Car products such as oil, gasoline and antifreeze should be stored properly, somewhere where your dog can’t get their paws on them. In particular, be careful about antifreeze (ethylene glycol) as, even in small quantities, it can be deadly if ingested by a dog. In winter, be extra cautious as some people use antifreeze on their paths or spill it on the ground when filling their engine’s cooling system. It’s a good idea to wash your dog’s feet after a walk to stop the antifreeze getting into their system if they lick their paws.
Obviously there’s nothing wrong with using the right flea and tick products, applied correctly, on your dog or in your home, but it’s important that you ask your vet for their guidance first. They can advise you on which products will suit your dog and clarify how, and how often, to use them. Once you’ve talked it over with them, we recommend you follow their advice and buy your products from the veterinary surgery or a specialist pet care store. Be careful when administering, as an overdose can lead to seizures, which can be fatal.
Read all product information thoroughly and follow the instructions closely. If you’re in any doubt, contact the manufacturer or your vet to clarify the directions before using it. The same applies to house sprays – read the instructions carefully and remove all pets from the area for the time period specified on the container.

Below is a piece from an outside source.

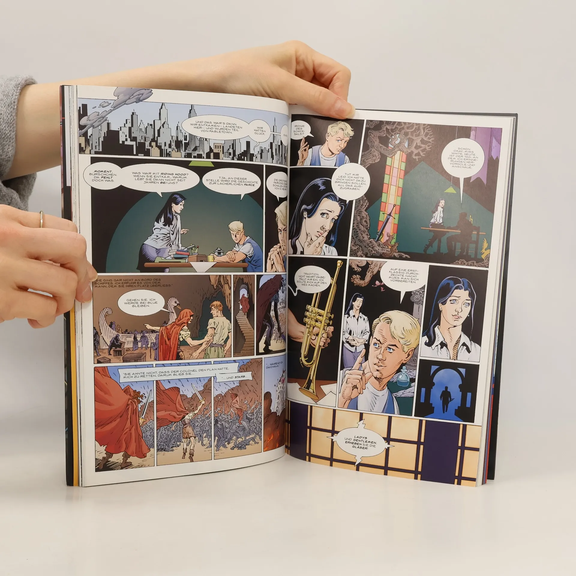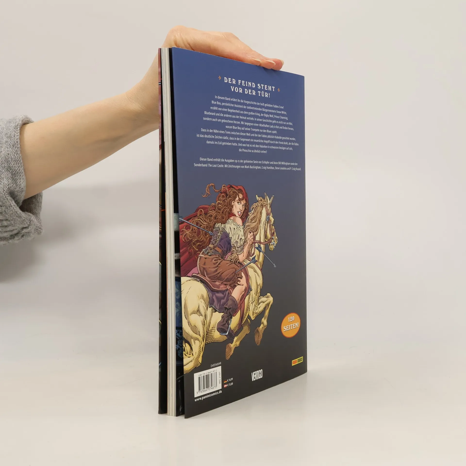 Der Feind steht vor der Tür! In diesem Band erfahrt ihr die Vorgeschichte der heiß geliebten Fables Crew! Blue Boy, persönlicher Assistent der stellvertretenden Bürgermeisterin Snow White, erzählt von einer Begebenheit aus dem großen Krieg, der Bigby Wolf, Prince Carming, Bluebeard und die Anderen aus der Heimat vertrieb. In seiner Geschichte geht es nicht nur um Mut, sondern auch um geborchene Herzen. Wir begegnen einer rätselhaften Lady in Rot und finden heraus, warum Blue Boy auf seiner Trompete nur den Blues spielt. Dass in der Nähe eines Tores zwischen dieser Welt und der der Fables plötzlich Kobolde gesichtet wurden, ist das deutliche Zeichen dafür, dass in der Gegenwart ein neuerlicher Angriff durch den Feind droht, der die Fables damals ins Exil getrieben hatte. Und was hat es mit den Halunken in schwarzen Anzügen auf sich, die Pinocchio so ähnlich sehen?

If you’re treating your lawn or garden with fertilizers, herbicides, or insecticides, always follow the manufacturer’s instructions carefully and keep your dog away from the treated area until the products are completely dry. When you’re finished, store these products safely away from your dog’s reach.
Take care if you’re using any household products that could contain potentially health-threatening pollutants such as cleaning agents, pesticides, paints and varnishes. Also be aware of any microbial and fungal agents found in air conditioners, air ducts, filters and humidifiers. Keep your dog away from the area where the pollutants are and provide plenty of ventilation. Lead-based paint, linoleum and caulking compounds should all be removed with extreme caution, as they all contain lead, and must always cleaned up thoroughly afterwards. Contact your vet immediately if your dog shows any signs of ingestion including: vomiting, diarrhoea or constipation, loss of appetite, muscle co-ordination, blindness or seizures.
Some of your pretty plants in your home or garden can actually be poisonous, and even fatal, to dogs if ingested. See below for more information.
Plants that are poisonous to dogs
The following is a list of plants that can be toxic to pets so keep a watchful eye on your dog if you have any of them around your home or garden, and have a think about whether you should remove them. The list isn’t exhaustive, but you can find more information at The Veterinary Poisons Information Service (VPIS). Although the VPIS only handles direct enquiries from vets (not pet owners), its website does provide some useful information.
- Aloe Vera
- Apple (seeds)
- Apricot (pit)
- Autumn Crocus
- Cherry (seeds and wilting leaves)
- Easter Lily
- Elephant Ears
- English Ivy, Poison Ivy, Devil's Ivy and other ivies
- Oriental Lily
- Peach (wilting leaves and pits)
- Tomato Plant (green fruit, stem and leaves)
- Bird of Paradise
- Indian Rubber Plant
- Lily of the Valley
- Peace Lily
- Poinsettia (low toxicity)
- Swiss Cheese Plant
- Tiger Lily
- Weeping Fig
If you have any concerns about what food is bad for dogs or any potential toxins your dog may have ingested, you should always speak with your vet in the first instance to obtain advice and guidance.